Common dev commands:
uv run pytest # run the full test suite
uv run zoekt-mcp --help # run the CLI from source
uv add <package> # add a new runtime dep
uv add --dev <package> # add a new dev dep
uv lock --upgrade # refresh uv.lock
Commit routine
Linting and tests are wired into the git flow via a
pre-commit hook so you never have to remember
to run them by hand. After uv sync, install both hook types once per
clone:
uv run pre-commit install --hook-type pre-commit --hook-type pre-push
From then on, every git commit runs:
- ruff (
ruff check+ruff format --check) against staged Python files — config lives under[tool.ruff]inpyproject.toml. - pymarkdownlnt (
pymarkdown scan) against staged Markdown files — config lives under[tool.pymarkdown]inpyproject.toml.

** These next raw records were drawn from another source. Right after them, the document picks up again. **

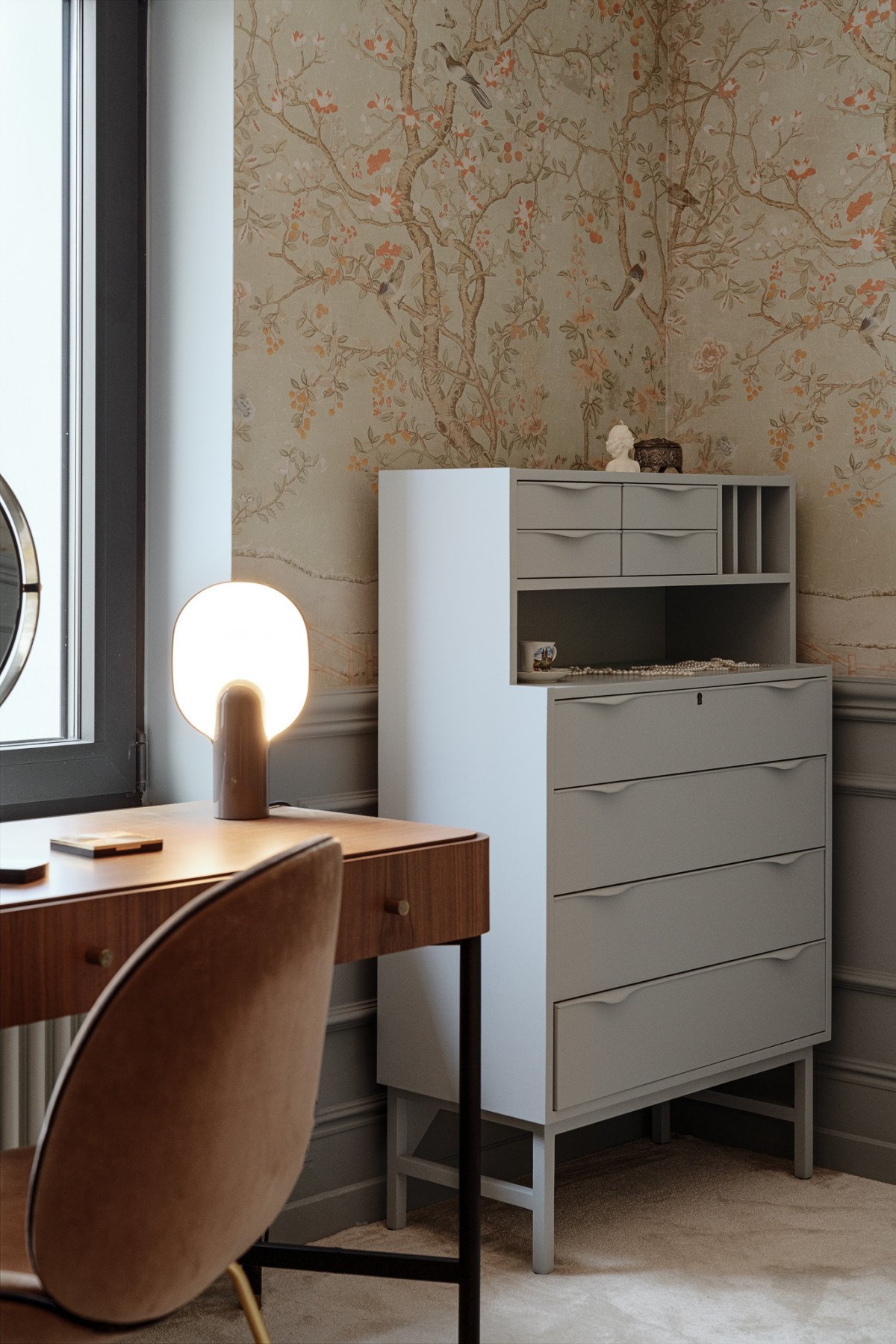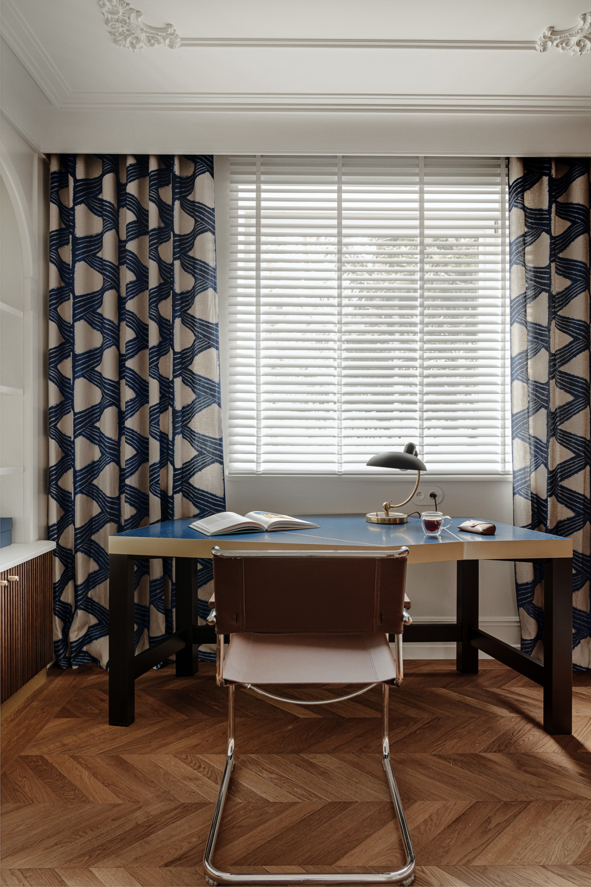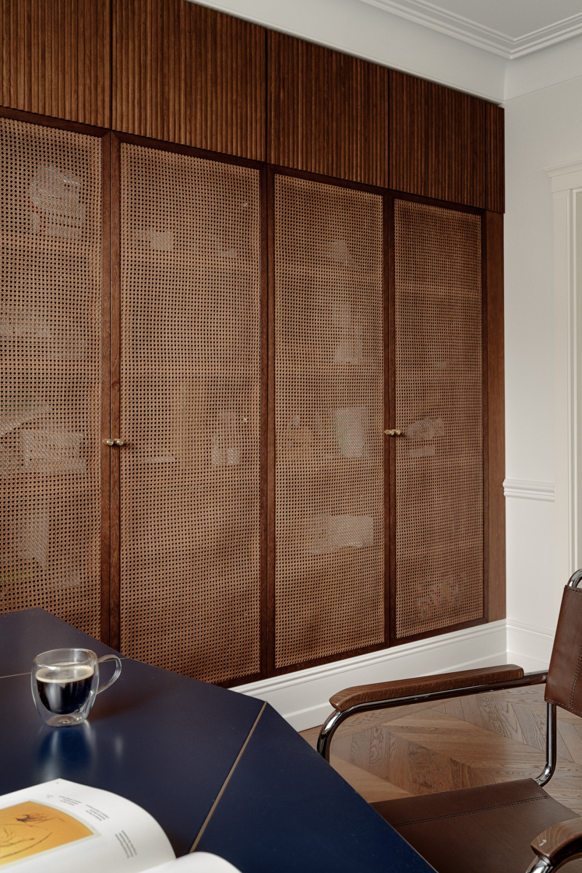 Na parterze znalazło się tez miejsce dla gabinetu. Tutaj ciepłe barwy i stonowane kolory służą skupieniu i pracy. Centralne miejsce zajmuje wykonane na zamówienie biurko oraz kultowy fotel Thonet S34. Wzrok przykuwa także pojemna szafa, której fronty wykonano z francuskiej rafii.
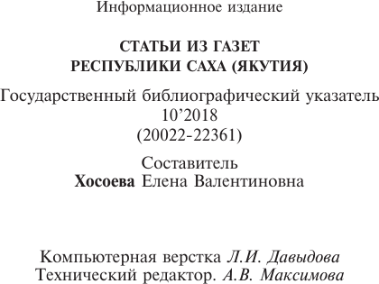 2018, N 9 (18205-20021), 2018, N 9 (18205-20021), 2018 - 10. Статьи из газет Республики Саха (Якутия) = Саха Өрөспүүбүлүкэтин хаһыаттарыгар киирбит ыстатыйалар: государственный библиографический указатель. судаарыстыбаннай библиографическай ыйынньык
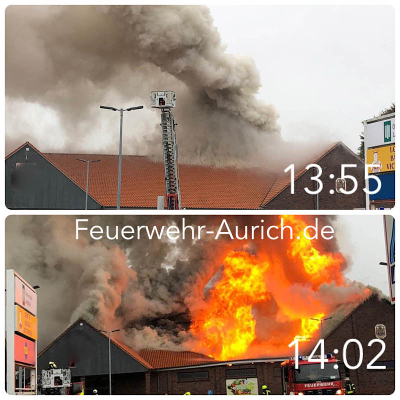 Am Montagmittag wurde die Drehleiter der Feuerwehr Aurich zur Unterstützung der Feuerwehren der Samtgemeinde Holtriem zu einem Großbrand nach Westerholt gerufen.
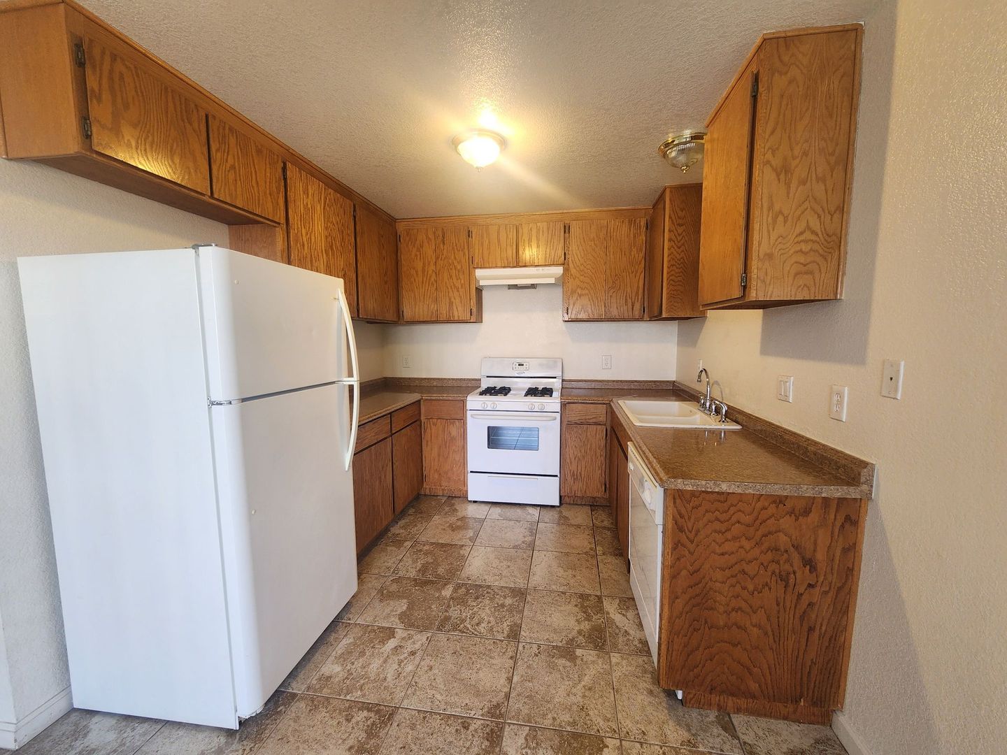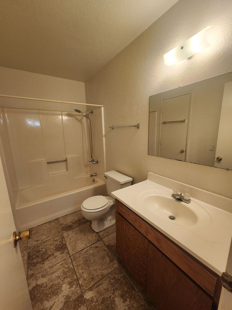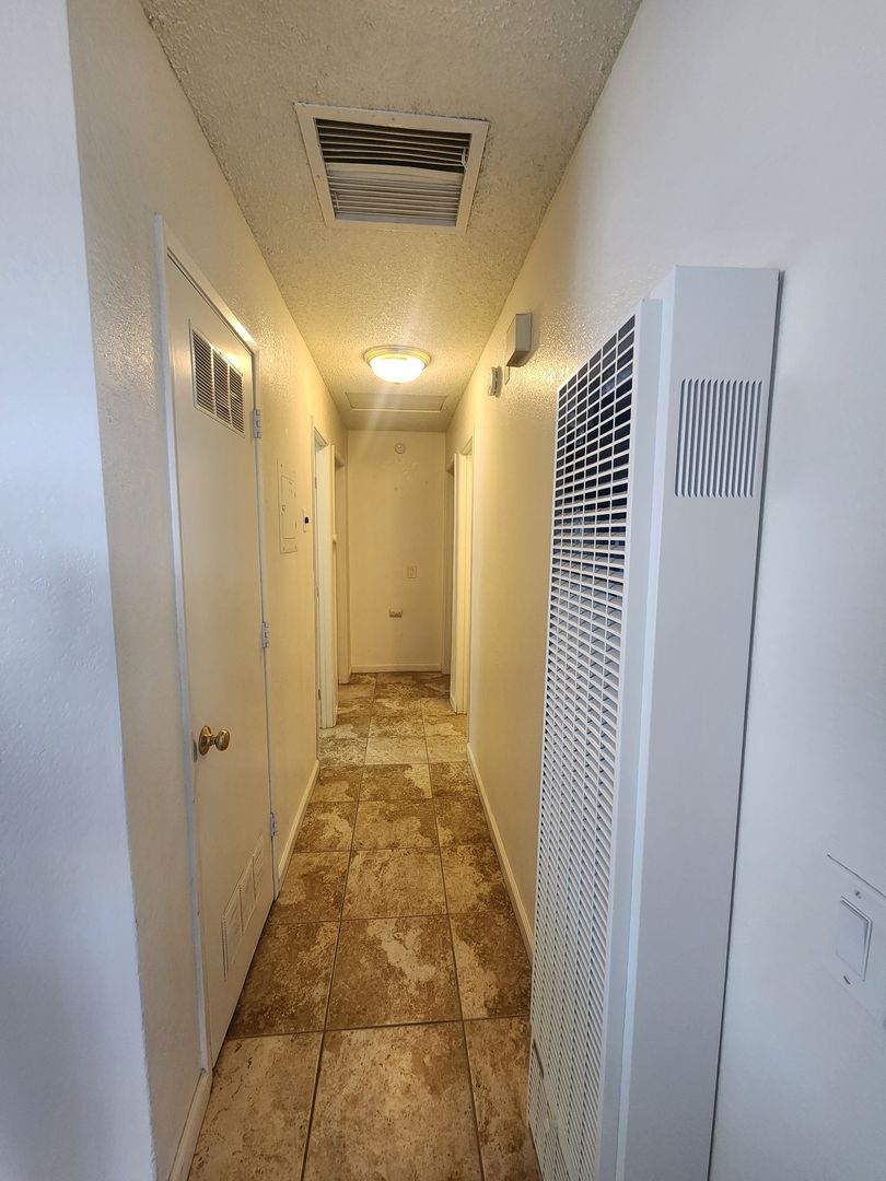 2 bedroom 1.5 bath apartment. Owner pays for water and trash, and free shared laundry room. Apartment has updated tile in living room, kitchen, dining and both bathrooms and carpet in bedrooms. Kitchen has fridge, stove and dishwasher and dining right off the kitchen. Dining room has a sliding glass door that leads to a large, private fully fenced in backyard with a beautiful stained cement patio area. Parking is in the parking lot and has beautiful landscaping which the owner pays for. NO PETS PLEASE
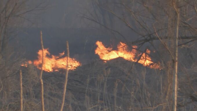 枯れ草が広い範囲で燃えていて、消防車10台と県の防災ヘリ1機が出動し消火活動にあたっていますが、現在も延焼中だということです。
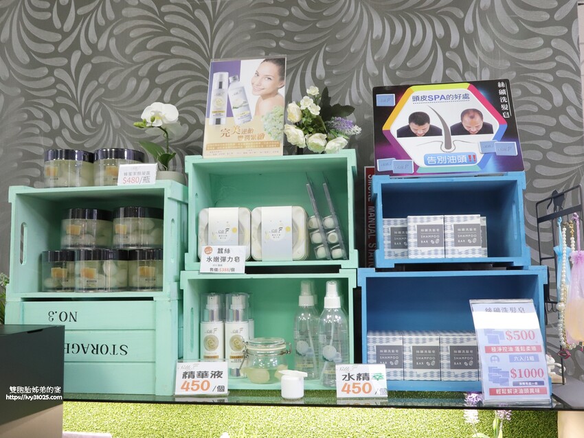 另有以蠶絲為主的女人身邊周圍的全身保養品展示櫃位,價格也比官網標示還要便宜許多,消費滿3000就可免運寄到家。
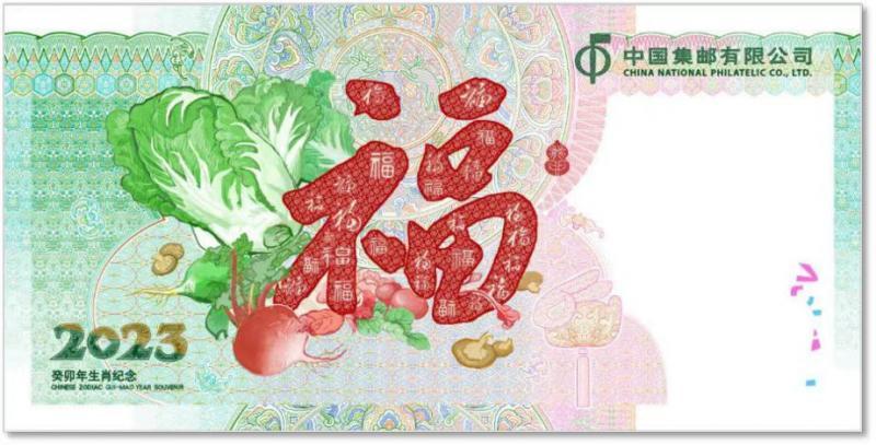 紀(jì)念券背面主景采用多個“福”字的組合,寓意著新的一年福氣連連、福滿門。背景團(tuán)花中有玉兔搗藥的圖案,表達(dá)了疫情之下祈求健康、幸福的真摯愿望。白菜、蘿卜、蘑菇也都有著各自的深意,比如白菜諧音“百財”,且有清白之意;蘿卜在閩南方言叫“菜頭”,諧音彩頭;蘑菇則象征蓬勃向上的生命力量。這些看似普通的元素給人以親切之感,更寓意著源源不斷的財運(yùn)、好運(yùn)和幸運(yùn)。
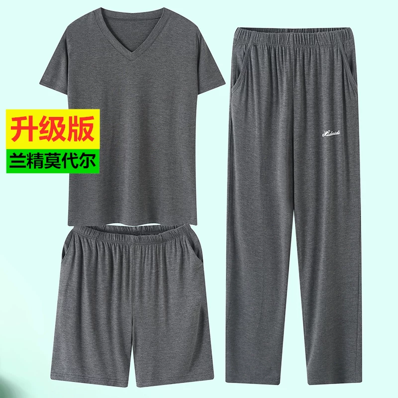 Đồ ngủ nam Modal mùa hè quần đùi ngắn tay mỏng từ dịch vụ tại nhà hai hoặc ba bộ cotton cộng với kích thước - Cha mẹ và con
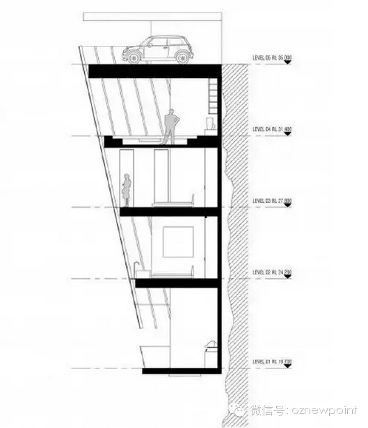 顶端是车库,然后下一层是客厅,客厅里还设计有餐厅和饭厅,第三层则是主人的卧室,四层和五层分别是客房和浴池~
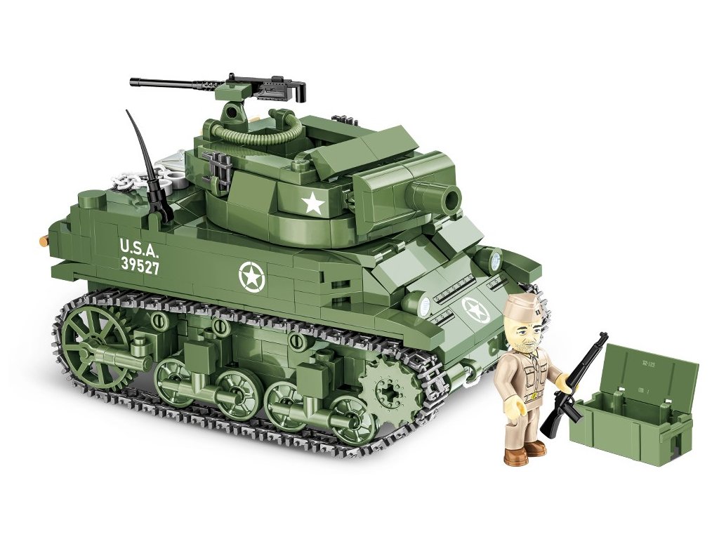 Postavte model M8 Scott, samohybné houfnice z 2. světové války, založené na podvozku lehkého tanku Stuart. Někdy se používal název M8 Generál Scott. Vozidlo bylo vyzbrojeno 75mm houfnicí umístěnou v otevřené věži. Svařovaný pancíř měl chránit posádku. Od září 1942 do ledna 1944 bylo vyrobeno přibližně 1 778 vozidel tohoto typu. Balení obsahuje 525 kostek stavebnice a 1 figurku vojáka. Model je v měřítku 1:35.

We disableMD013(line length) andMD046(code block style) because they fight readable prose and wide tables, andMD033so the troubleshooting<details>blocks are allowed.
And every git push runs the offline pytest suites
(tests/test_client_unit.py and tests/test_server_shaping.py) before
the push leaves the machine, so a broken test can never hit the remote.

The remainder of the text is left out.